Opinion
Civil Action 4:22cv660
01-18-2024
REPORT AND RECOMMENDATION OF UNITED STATES MAGISTRATE JUDGE
KIMBERLY C. PRIEST JOHNSON UNITED STATES MAGISTRATE JUDGE
Pending before the Court is Defendant Elbert Holmes' (“Holmes”) Motion for Summary Judgment (“the Motion for Summary Judgment”) (Dkt. #29). To date, Plaintiff Royce Glenn Daily (“Plaintiff”) has not filed a response. After reviewing the Motion for Summary Judgment and all other relevant filings, the Court recommends the Motion for Summary Judgment (Dkt. #29) be GRANTED, as set forth herein.
I. BACKGROUND
On July 29, 2022, Plaintiff, proceeding pro se and in forma pauperis, filed this lawsuit pursuant to 42 U.S.C. § 1983 against Defendants Estela Gomez Lemas (“Lemas”), who at all relevant times was a correctional officer at the Cole Unit, and Holmes, who at all relevant times was the Warden of the Cole Unit. (Dkt. ##1, 4). Plaintiff alleges Lemas used “excessive force causing injury requiring medical attention.” (Dkt. #1, p. 3). With respect to Holmes, Plaintiff alleges “deprivation of a right against retaliation.” (Dkt. #1, p. 3). The Statement of Claim specifically provides:
On February 14, 2022, at TDCJ Cole Unit I was sprayed in the face with a chemical bleach solution in an unprovoked physical assault by TDCJ Correctional Officer Estela Gomez Lemas. This action caused me severe pain and irritation in my eyes. I immediately requested medical attention which was denied. I was subsequently pepper sprayed for insisting on infirmary services. I was subjected to taunting by Officer Lemas afterwards. I requested an incident investigation charging physical
assault. I was transferred out of Cole Unit to Duncan Unit for repeated requests for proper investigation by Cole Unit and Administration.
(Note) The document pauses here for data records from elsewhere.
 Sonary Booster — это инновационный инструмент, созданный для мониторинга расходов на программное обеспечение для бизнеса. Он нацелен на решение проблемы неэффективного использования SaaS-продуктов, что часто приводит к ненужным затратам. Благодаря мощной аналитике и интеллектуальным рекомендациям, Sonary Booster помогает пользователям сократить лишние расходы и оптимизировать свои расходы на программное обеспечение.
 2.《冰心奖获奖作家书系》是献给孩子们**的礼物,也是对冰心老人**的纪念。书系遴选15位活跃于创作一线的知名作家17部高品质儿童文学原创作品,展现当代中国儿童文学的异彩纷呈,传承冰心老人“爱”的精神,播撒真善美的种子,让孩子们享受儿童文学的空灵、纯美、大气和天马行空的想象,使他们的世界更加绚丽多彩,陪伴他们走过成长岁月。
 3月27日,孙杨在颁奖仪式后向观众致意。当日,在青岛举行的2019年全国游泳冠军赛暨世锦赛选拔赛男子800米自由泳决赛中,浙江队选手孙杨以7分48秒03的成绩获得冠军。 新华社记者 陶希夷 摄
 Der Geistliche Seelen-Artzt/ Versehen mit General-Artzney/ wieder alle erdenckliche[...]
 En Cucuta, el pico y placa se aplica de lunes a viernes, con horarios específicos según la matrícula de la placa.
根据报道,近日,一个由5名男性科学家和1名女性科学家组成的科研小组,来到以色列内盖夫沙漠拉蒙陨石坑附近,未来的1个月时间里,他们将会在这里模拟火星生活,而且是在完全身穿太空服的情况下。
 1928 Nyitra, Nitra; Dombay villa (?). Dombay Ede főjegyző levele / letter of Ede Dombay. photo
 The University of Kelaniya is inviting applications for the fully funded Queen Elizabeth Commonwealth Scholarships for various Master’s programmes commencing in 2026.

There are two eyewitnesses to the unprovoked assault - inmate Brett Michael Shark . . . and inmate Raul Gonzalez .... I have a[n] infirmary report detailing medical attention given after being sprayed with both a chemical bleach solution and pepper spray. I also have a copy of the prescribed medication given to relieve the injury caused by the assault.(Dkt. #1, pp. 4-5). As relief, Plaintiff seeks compensatory and punitive damages. (Dkt. #1, p. 4). Attached to Plaintiff's Complaint is a copy of Plaintiff's Step 2 Offender Grievance Form related to his grievance filed against Lemas (Grievance #2022064798). (Dkt. #1-1).
The Court ordered Defendants to answer Plaintiff's Complaint or to otherwise plead. (Dkt. #6). Defendants filed an Answer (Dkt. #22), raising several defenses to Plaintiff's Complaint, including failure to exhaust administrative remedies. The Court ordered Defendants to file relevant motions concerning the defenses to Plaintiff's lawsuit as outlined in their Answer. (Dkt. #24).
On June 29, 2023, Holmes filed the Motion for Summary Judgment pursuant to Rule 56(b) of the Federal Rules of Civil Procedure.(Dkt. #29). Holmes argues he is entitled to summary judgment because Plaintiff failed to sufficiently exhaust his administrative remedies against him. He also argues Plaintiff fails to overcome Holmes' entitlement to qualified immunity. In support of the Motion for Summary Judgment, Holmes attached Plaintiff's Texas Department of Criminal Justice (“TDCJ”) grievance records from February 1, 2022, to August 31, 2022, along with a business records affidavit. (Dkt. #29-1). Plaintiff has not filed a response to the Motion for Summary Judgment.
Counsel for Defendants stated that based on his review of the pleadings and available relevant records, a dispositive motion is inappropriate for Lemas at this time. (Dkt. #29, p.1 n.1).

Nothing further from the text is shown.